Do you turn the light off when you go to bed? It could be that it still sees the light as a light & as they are nocturnal they will sleep when there is light. Keep the light off once you turn the daylight bulb off & see if this makes a difference. I have UV lights on both my Cresties vivs & they are on a timer so come on at 7.00am & off at 7.00pm :2thumb:. No other lights are used & both mine are very active.


----------



## Joey S (Oct 15, 2009)

Hello welcome to RFUK

To be honest mate i think its okay for now, like you said you've only had her for a few days so she's maybe just settling in and the warmth of the light makes her feel safe.

As long as the temps don't drop below 20-21oC at night your living the dream, just keep an eye on her especially with winter slowly creeping in.

If worst comes to worst in the winter i have a small heat mat that i put under the cage (not inside the cage) this way the she can feel a bit of warmth coming through the glass but its not enough to burn her should she stay there all night.

Depending on her size aswell try and offer a few crickets to get her moving around the cage to let her know she can move round in safety without having to be afraid


----------



## chelsaurus (Sep 23, 2011)

Thanks everyone! It's been almost a week now and the little guy's still doing it - every night, she goes straight under the night glo light. But he's moving around more now, crawling across the vines at the top of the tank, so things look okay for now. 

It's still a bit weird, since she only does it with the night light, and not the day light. I guess he just likes to bask, but the daytime light is too bright or something. 


corny girl - do the UV lights provide any heat? Do you have anything else that does that? Or is your place just warm enough? My house is a bit cold and so the main purpose of the night light for me is to keep the temperature up. 


beckoneon - i've got my crestie in an 18x18x24 exoterra tank, but I've blocked off half of it so it's more like 9x18x24 for now. I know it's big but i didn't want to buy one now and another later. I've got 3 shallow feed dishes (the small shallow ones are great - I can see the tongue marks in them!) so there's always food not too far away. I've been misting with room temperature tap water, sometimes warm tap water if I want to raise the temperature a bit. I think I'm going to switch to distilled though, cause I heard that tap water will leave residue on the glass over time and is harder to clean than filtered/distilled. 
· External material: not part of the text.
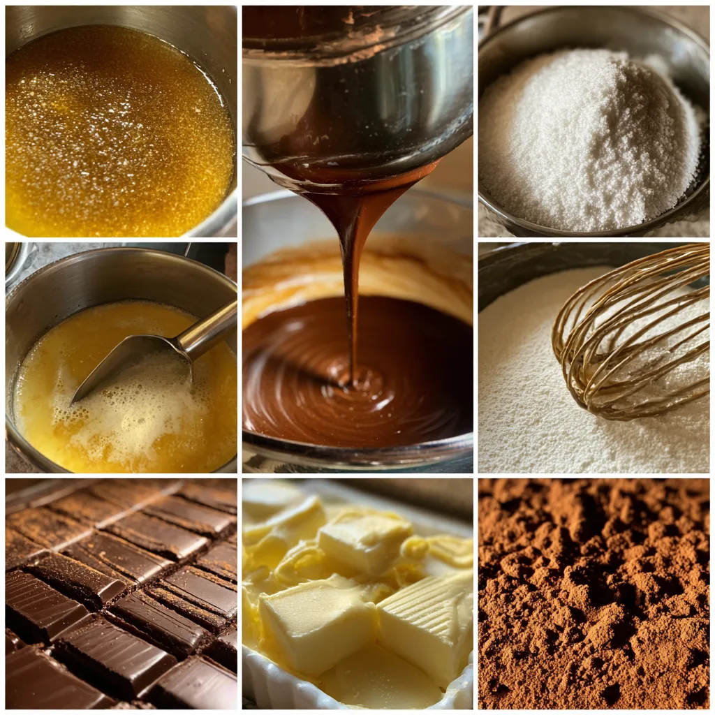 - In a saucepan, melt butter with water and cocoa powder. Bring to a boil, then remove from heat.

Thank you for the support, everyone!


----------



## corny girl (Aug 30, 2009)

chelsaurus said:


> corny girl - do the UV lights provide any heat? Do you have anything else that does that? Or is your place just warm enough? My house is a bit cold and so the main purpose of the night light for me is to keep the temperature up.



No UV lights don't really produce any heat (not of any significance anyway). All i have in my Exo is a UV bulb. I don't use any extra heat as my house temps fall within the minimum temps Cresties can live at, it is better they live at a cooler temp than at a hotter temp which can be very dangerous for them. Average temps for both my vivs are approx 23*C-24*C. I don't think the night light will produce much heat so wouldn't up the temps. You would be better off sticking a small heat mat (connected to a stat) on the side of the viv so they would have somewhere warm to rest :2thumb:. Set the temp of the mat using a digital thermometer as the dials on the stats aren't calibrated so can give false results.


----------



## Kae (Aug 28, 2011)

This would be a good indication that your Crestie isn't warm enough, if it's actively seeking the warmest part of the Viv every night. 
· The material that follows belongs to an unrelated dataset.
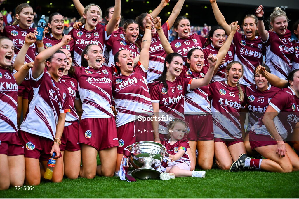 10 August 2025; Galway players celebrate after the Glen Dimplex All-Ireland Senior Camogie Championship final match between Cork and Galway at Croke Park in Dublin. Photo by Piaras Ó Mídheach/Sportsfile

Contrary to popular belief, Crested Gecko's require a heat gradient just like any other reptile. They still regulate their body temperature by moving between the "hot" and "cold" parts of the Viv.

Have you checked your Viv temps with a digital thermometer? The stick-on analogue thermometers are neither use nor ornament (well, I suppose you could use them as an ornament :lol2. 

I provide a heat gradient of 27 (hot) to 22/3 (Cold) and my lot are very active at night (I still say they sound like rampant rubber ducks). Warmth can be provided either by a ceramic heater (as they don't give off visible light) or a heat mat, but both MUST be regulated with a thermostat. 

I spray my Crestie's with tap water, and wipe the inside glass down once a week with reptile disinfectant when I clean everything else.


----------



## UKCrestie (Sep 9, 2011)

Hi,
All my cresties have their own 'Bed' - they sleep in practically the same place each night so i wouldnt be worried. They wake up in one place, have a run and a jump around their viv at night and then back to their sleeping spot.
I spray mine with warm water as it means that the temperature in the viv doesnt drop rapidly : victory:


----------



## swift_wraith (Jan 4, 2009)

I use room temp water for spraying with. that way it should be the same temp as inside their vivs and wont come as a shock to them.


----------